While social networks proliferate, insight is lacking about how graduate students, faculty, and administration collaboratively engage such networks. In early 2011, University of Phoenix rolled out what has become the world’s largest, single institution, educational social networking site, PhoenixConnect. The authors examined graduate student, faculty, and administrator contributions and interactions within this university social network.

Participants from the graduate program in Industrial/Organizational (I/O) Psychology were given qualitative interviews during bimonthly face-to-face classes to investigate the ways participants from different cohorts used social networking. The results revealed different patterns and frequencies of use by students, faculty, and administrators.

Student participants made the heaviest use of social networking, with the major source being the I/O forum followed by Facebook. Contrary to Head and Eisenberg’s (2009) research using undergraduates, the I/O graduate students on PhoenixConnect did not report being multi-taskers who worked on academic assignments while constantly monitoring their Facebook accounts.
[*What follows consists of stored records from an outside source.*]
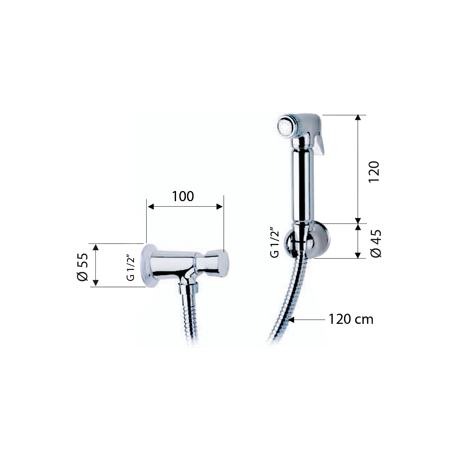 TEMPOR samouzavírací nástěnný ventil s bidetovou sprškou, chrom
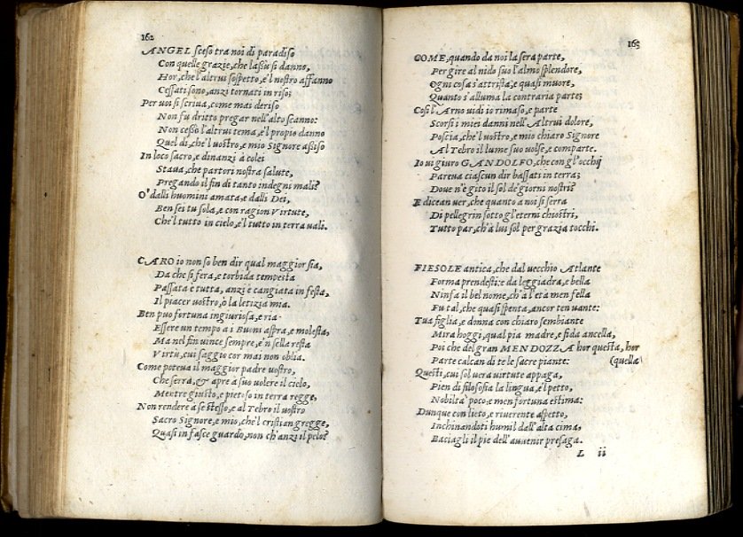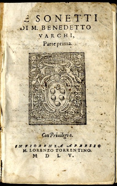 >in-8, pp. (16), 272, (24), carattere corsivo assai bello e inusuale. Legatura coeva in piena pergamena, titolo manoscritto al dorso. Piccola mancanza al frontespizio e alla seconda carta con perdita di alcune lettere. Il recto del frontespizio è interamente vergato da note antiche manoscritte pertinenti all'Autore. Una porzione della pergamena è stata abilmente restaurata, sguardie rifatte. Impresa tipografica al titolo con le armi dei Medici. Dedica a stampa dell'autore a "Francesco Medici Principe di Firenze". Edizione originale: "Rara edizione, che fa testo di lingua" (Morelli, Annali del Torrentino, p. 253-4). Solo nel 1557 il Torrentino pubblicò la parte seconda, con scarsa cura, come avverte il Morelli (op. cit. p. 299), datandola erroneamente 1554. Buon esemplare. (con varie finissime e leggere sottolineature a inchiostro chiaro). Buon esemplare. Gamba 1016: ''Raro''.
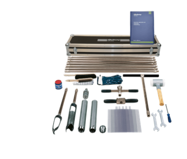 We offer two different sets of liner samplers, this is the one suitable for hard soils thanks to its screw thread connection. The liner sampler has a stainless steel sampler body and the set is packed in an aluminium transport case.

Instead, they reported using RSS feeds, checking when an email message appeared, or kept an informal once-a-week schedule. Most faculty reported having PhoenixConnect accounts but being much less attached to them and less responsive to postings than were the students. Faculty and administrators preferred using LinkedIn to other social networking sites. A few faculty members maintained multiple accounts and developed specialized lists of friends related to particular interests or projects. Most faculty keep their personal contacts separate from their academic and student contacts. Administrators’ use of social networks was less frequent than that of faculty but similar in structure.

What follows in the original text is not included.